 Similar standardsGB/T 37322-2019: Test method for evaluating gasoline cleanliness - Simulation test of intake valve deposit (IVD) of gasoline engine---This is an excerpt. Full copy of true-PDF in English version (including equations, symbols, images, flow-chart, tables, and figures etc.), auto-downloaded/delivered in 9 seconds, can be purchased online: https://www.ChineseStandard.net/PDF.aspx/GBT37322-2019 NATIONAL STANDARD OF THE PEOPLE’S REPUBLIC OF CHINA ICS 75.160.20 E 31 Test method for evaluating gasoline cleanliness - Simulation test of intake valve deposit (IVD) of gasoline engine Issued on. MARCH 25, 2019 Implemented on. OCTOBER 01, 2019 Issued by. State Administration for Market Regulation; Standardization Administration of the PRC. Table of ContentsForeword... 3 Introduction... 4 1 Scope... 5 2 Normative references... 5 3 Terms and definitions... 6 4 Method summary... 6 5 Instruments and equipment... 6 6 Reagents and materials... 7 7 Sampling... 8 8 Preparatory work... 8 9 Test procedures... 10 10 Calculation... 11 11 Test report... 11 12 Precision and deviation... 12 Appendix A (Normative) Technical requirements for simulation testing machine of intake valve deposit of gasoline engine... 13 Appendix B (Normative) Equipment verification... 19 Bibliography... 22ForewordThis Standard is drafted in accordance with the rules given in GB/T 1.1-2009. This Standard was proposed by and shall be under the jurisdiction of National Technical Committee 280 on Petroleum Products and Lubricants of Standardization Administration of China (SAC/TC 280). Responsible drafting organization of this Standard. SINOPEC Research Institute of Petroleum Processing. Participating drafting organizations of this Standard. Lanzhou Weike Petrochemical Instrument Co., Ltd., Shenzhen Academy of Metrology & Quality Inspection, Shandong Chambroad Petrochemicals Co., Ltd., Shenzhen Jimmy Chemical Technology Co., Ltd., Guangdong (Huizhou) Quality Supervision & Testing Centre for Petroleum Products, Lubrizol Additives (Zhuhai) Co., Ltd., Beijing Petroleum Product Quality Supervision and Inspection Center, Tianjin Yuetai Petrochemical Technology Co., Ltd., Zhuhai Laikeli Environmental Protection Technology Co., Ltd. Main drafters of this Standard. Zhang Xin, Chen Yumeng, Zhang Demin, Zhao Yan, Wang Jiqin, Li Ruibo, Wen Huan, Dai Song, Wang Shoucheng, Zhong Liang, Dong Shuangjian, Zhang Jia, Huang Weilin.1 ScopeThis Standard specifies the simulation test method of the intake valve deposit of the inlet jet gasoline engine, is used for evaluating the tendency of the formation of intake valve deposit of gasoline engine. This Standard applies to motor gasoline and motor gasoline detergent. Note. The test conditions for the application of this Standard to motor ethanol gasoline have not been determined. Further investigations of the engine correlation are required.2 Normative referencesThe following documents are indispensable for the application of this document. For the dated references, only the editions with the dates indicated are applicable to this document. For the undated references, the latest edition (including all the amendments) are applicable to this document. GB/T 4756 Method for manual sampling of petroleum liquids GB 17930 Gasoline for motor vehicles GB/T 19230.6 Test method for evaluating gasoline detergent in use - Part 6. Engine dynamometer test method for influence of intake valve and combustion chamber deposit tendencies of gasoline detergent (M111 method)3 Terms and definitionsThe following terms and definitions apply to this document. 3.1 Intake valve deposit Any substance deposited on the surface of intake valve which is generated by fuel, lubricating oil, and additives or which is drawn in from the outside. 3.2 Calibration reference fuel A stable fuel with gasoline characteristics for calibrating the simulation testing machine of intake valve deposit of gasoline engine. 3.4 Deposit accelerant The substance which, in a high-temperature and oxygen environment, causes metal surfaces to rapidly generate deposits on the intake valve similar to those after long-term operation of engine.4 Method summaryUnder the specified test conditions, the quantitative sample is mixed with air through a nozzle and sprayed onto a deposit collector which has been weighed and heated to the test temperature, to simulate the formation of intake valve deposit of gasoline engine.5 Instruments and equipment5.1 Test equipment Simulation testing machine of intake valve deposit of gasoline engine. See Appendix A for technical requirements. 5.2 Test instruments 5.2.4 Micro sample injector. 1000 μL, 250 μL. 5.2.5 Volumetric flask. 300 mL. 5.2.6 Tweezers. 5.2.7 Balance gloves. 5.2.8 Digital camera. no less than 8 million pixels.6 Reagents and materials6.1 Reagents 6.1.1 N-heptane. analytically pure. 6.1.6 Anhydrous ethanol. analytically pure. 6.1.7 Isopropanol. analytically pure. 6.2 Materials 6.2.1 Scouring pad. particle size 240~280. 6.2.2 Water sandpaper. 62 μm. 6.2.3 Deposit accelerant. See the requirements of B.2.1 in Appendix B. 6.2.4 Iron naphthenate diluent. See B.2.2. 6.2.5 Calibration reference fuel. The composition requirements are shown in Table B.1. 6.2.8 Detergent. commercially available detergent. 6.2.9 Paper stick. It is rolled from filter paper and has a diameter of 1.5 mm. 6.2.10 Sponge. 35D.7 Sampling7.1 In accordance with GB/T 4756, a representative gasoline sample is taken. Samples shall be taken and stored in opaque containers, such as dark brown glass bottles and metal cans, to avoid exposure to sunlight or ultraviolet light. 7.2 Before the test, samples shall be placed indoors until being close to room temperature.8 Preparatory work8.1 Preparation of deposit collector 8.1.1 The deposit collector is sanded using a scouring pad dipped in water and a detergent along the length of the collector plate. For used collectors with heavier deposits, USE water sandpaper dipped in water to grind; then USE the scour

==

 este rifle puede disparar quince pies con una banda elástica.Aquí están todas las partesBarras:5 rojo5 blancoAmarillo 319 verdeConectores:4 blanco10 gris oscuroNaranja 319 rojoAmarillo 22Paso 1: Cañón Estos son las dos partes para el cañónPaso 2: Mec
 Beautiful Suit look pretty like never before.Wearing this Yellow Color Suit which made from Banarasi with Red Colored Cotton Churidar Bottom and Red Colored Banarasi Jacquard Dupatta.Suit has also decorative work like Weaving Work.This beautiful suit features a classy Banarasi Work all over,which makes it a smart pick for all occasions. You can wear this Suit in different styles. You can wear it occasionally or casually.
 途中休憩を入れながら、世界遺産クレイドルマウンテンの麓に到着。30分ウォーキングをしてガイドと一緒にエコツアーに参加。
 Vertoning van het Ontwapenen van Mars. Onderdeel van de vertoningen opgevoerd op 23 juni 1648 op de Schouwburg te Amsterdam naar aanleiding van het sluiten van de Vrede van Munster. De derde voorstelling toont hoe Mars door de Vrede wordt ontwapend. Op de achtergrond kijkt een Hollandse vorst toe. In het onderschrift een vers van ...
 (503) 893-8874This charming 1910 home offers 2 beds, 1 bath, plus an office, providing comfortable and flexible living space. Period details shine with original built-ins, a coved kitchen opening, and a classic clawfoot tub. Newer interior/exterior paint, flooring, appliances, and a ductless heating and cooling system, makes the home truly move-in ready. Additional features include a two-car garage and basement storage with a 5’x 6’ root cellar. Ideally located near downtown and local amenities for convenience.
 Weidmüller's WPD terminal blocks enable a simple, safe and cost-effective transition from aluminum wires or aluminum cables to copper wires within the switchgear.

==

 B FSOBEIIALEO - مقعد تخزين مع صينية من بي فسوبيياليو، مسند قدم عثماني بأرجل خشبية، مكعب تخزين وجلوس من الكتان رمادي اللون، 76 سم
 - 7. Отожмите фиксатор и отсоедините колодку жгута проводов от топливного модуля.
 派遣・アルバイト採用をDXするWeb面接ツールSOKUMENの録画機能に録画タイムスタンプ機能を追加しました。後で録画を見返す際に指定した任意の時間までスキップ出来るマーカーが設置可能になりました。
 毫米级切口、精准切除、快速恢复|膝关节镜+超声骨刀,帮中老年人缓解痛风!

### Prompt
Write out every line from the entries where "features" appears.

### Output for this exercise
 Beautiful Suit look pretty like never before.Wearing this Yellow Color Suit which made from Banarasi with Red Colored Cotton Churidar Bottom and Red Colored Banarasi Jacquard Dupatta.Suit has also decorative work like Weaving Work.This beautiful suit features a classy Banarasi Work all over,which makes it a smart pick for all occasions. You can wear this Suit in different styles. You can wear it occasionally or casually.
 (503) 893-8874This charming 1910 home offers 2 beds, 1 bath, plus an office, providing comfortable and flexible living space. Period details shine with original built-ins, a coved kitchen opening, and a classic clawfoot tub. Newer interior/exterior paint, flooring, appliances, and a ductless heating and cooling system, makes the home truly move-in ready. Additional features include a two-car garage and basement storage with a 5’x 6’ root cellar. Ideally located near downtown and local amenities for convenience.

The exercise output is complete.